Flemming dan Tscharner 1981 dalam Titidarmila 1999 berpendapat bahwa penataan tempat pendidikan akan melekat dalam ingatan, ada tempat-
tempat atau objek khusus yang menjadi kenangan tersendiri bagi guru atau para murid dimana diharapkan akan didapat kenangan yang positif. Menurut Gagne
dan Briggs 1979 dalam Suparno 2000 menambahkan, bahwa perencanaan pengajaran harus berdasarkan pada pengetahuan tentang bagaimana individu
belajar agar diketahui bagaimana kondisi-kondisi harus ditata. Sekolah adalah bangunan atau lembaga untuk belajar dan memberi
pelajaran. Menurut tingkatannya, sekolah dibagi menjadi tingkat dasar SD, menengah SMP, lanjutan SMA dan tinggi. Dinas Pekerjaan Umum 2002
menyebutkan, sekolah adalah tempat dimana berlangsung kegiatan guru mengajar dan murid belajar. Suparno 2000 memberikan pengertian belajar secara umum
merupakan suatu aktivitas yang menimbulkan perubahan yang relatif permanen sebagai akibat dari upaya-upaya yang dilakukannya. Bloom 1974 dalam
Suparno 2000 menyatakan, terdapat tiga kategori belajar yang dikenal, antara lain domain atau ranah kognitif, ranah afektif dan ranah psikomotorik. Ranah-
ranah ini merupakan perilaku yang diniatkan untuk ditunjukkan oleh pelajar dalam cara-cara tertentu, misalnya bagaimana mereka berpikir ranah kognitif,
bagaimana mereka bersikap dan merasakan sesuatu ranah afektif serta bagaimana mereka berbuat ranah psikomotorik.
Block 1974 dalam Suparno 2000 mengatakan konsep belajar tuntas berdasarkan pikiran bahwa siswa dapat mencapai penguasaan yang integral bila
kepadanya disediakan kondisi belajar yang sesuai. Suparno 2000 menambahkan, bahwa dalam menumbuhkan situasi yang mendukung proses belajar, hakikat dan
kualitas interaksi belajar menjadi sangat penting. Struktur kooperatif dibanding dengan struktur kompetisi dan usaha individual lebih menunjang komunikasi
diantara siswa yang lebih efektif dan pertukaran informasi yang saling membantu tercapainya hasil belajar yang baik.
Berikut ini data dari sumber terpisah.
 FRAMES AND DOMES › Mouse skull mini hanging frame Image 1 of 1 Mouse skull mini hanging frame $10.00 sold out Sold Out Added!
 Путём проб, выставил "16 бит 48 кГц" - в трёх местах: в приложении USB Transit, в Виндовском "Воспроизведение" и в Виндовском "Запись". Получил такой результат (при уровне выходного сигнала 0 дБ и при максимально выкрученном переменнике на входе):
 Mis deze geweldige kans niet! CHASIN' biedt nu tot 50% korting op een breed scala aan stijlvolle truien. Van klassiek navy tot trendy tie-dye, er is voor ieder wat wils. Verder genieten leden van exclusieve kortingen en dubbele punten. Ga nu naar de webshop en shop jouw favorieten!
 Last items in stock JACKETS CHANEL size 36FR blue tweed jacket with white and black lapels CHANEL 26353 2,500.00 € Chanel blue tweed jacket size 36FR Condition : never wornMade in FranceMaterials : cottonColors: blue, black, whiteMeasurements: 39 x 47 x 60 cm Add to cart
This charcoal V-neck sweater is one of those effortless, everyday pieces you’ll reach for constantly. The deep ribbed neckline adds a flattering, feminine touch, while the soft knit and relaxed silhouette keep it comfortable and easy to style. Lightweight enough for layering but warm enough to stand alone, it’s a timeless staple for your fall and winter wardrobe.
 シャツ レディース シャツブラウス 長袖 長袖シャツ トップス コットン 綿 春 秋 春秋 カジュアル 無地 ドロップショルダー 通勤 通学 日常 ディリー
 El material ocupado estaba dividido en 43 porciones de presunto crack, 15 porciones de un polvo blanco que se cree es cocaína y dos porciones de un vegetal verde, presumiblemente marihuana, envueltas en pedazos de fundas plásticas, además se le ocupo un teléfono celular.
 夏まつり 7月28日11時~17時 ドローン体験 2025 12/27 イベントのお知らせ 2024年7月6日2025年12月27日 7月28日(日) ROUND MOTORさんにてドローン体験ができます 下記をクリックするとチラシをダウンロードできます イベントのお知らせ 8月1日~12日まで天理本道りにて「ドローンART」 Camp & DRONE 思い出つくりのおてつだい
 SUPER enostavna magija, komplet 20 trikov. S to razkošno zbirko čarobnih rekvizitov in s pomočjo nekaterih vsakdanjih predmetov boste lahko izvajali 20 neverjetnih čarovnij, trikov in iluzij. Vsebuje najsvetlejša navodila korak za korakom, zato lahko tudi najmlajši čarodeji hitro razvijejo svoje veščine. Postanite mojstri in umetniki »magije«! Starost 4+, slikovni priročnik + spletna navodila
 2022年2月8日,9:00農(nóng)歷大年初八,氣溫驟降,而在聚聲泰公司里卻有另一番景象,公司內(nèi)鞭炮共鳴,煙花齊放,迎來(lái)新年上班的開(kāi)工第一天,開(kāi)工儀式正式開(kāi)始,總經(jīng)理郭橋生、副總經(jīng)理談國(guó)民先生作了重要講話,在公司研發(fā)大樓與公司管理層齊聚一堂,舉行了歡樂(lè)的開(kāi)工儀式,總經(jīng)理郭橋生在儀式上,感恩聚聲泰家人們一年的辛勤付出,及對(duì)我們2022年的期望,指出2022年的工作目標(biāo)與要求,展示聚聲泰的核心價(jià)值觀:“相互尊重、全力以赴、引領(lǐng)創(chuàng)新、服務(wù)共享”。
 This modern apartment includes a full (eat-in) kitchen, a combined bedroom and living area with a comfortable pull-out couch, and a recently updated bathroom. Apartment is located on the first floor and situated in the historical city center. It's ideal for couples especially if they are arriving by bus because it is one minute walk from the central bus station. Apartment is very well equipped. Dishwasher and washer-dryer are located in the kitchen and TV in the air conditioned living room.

Pada umumnya SMA berprestasi memiliki sarana dan prasarana yang baik, yakni luas tanah yang cukup luas, tempat parkir, lapangan olah raga, tempat
bermain atau jenis kegiatan lain, ruang kelas, laboratorium, perpustakaan, ruang kepala sekolah, ruang guru, ruang tata usaha, alat bantuperaga mata pelajaran,
serta berbagai macam alat elektronik untuk menunjang mata pelajaran. Pengadaan sarana dan prasarana untuk memungkinkan terlaksananya proses pembelajaran,
seperti pusat sumber belajar merupakan salah satu alternatif yang harus dikembangkan baik di sekolah, perguruan tinggi, maupun di lembaga
kemasyarakatan. Fasilitas tersebut harus disertai dengan pengaturan yang tertib dan benar-benar memberikan kemudahan untuk belajar Suparno, 2000.